You can do this with not exists:
select a.*, b.*
from a1 a left join
a2 b
on a.id = b.a1_id
where (b.type = 'L' or b.type='F' or b.type is null) and
not exists (select 1 from a2 where a2.id = a.id and a2.type = 'V');
Your original query doesn't quite do what your text says. This seems to be what you are describing:
select a.*, b.*
from a1 a join
a2 b
on a.id = b.a1_id and
(b.type = 'L' or b.type='F' or b.type is null)

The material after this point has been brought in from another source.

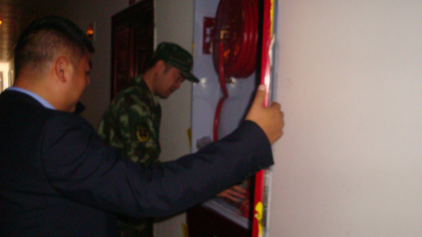 首先,杨勇介绍我校消防安全管理工作开展情况。之后,检查人员走进学生公寓等人员密集场所查看了配备的灭火器、消火栓运行情况。廖鹏大队长还亲手测试了部分消火栓水管的供水状况,并就如何应对突发事故与安全保卫处负责人进行了深入的询问和交流。

where not exists (select 1 from a2 where a2.id = a.id and a2.type = 'V');
That is, the conditions in the where clause are moved to the on clause and the join is changed to an inner join. The difference is when there are no matches in a2 for a given id. Your version would return the row. This version will filter it out.
select a.*, b.*
from a1 a
left join a2 b
on a.id=b.a1_id
left join a2 c
on c.a1_ID = b.a1_ID AND c.type = 'V'
where (b.type='L'
or b.type='F'
or b.type is null)
and c.type is null
This is one way. If all you ever need to consider is v this should be efficient. However, if you need to adjust based on other criteria there maybe a better way.
in essence this takes your current results and compares it to another set of a2 that only contains record type "V". If any match is found, it is excluded from the results.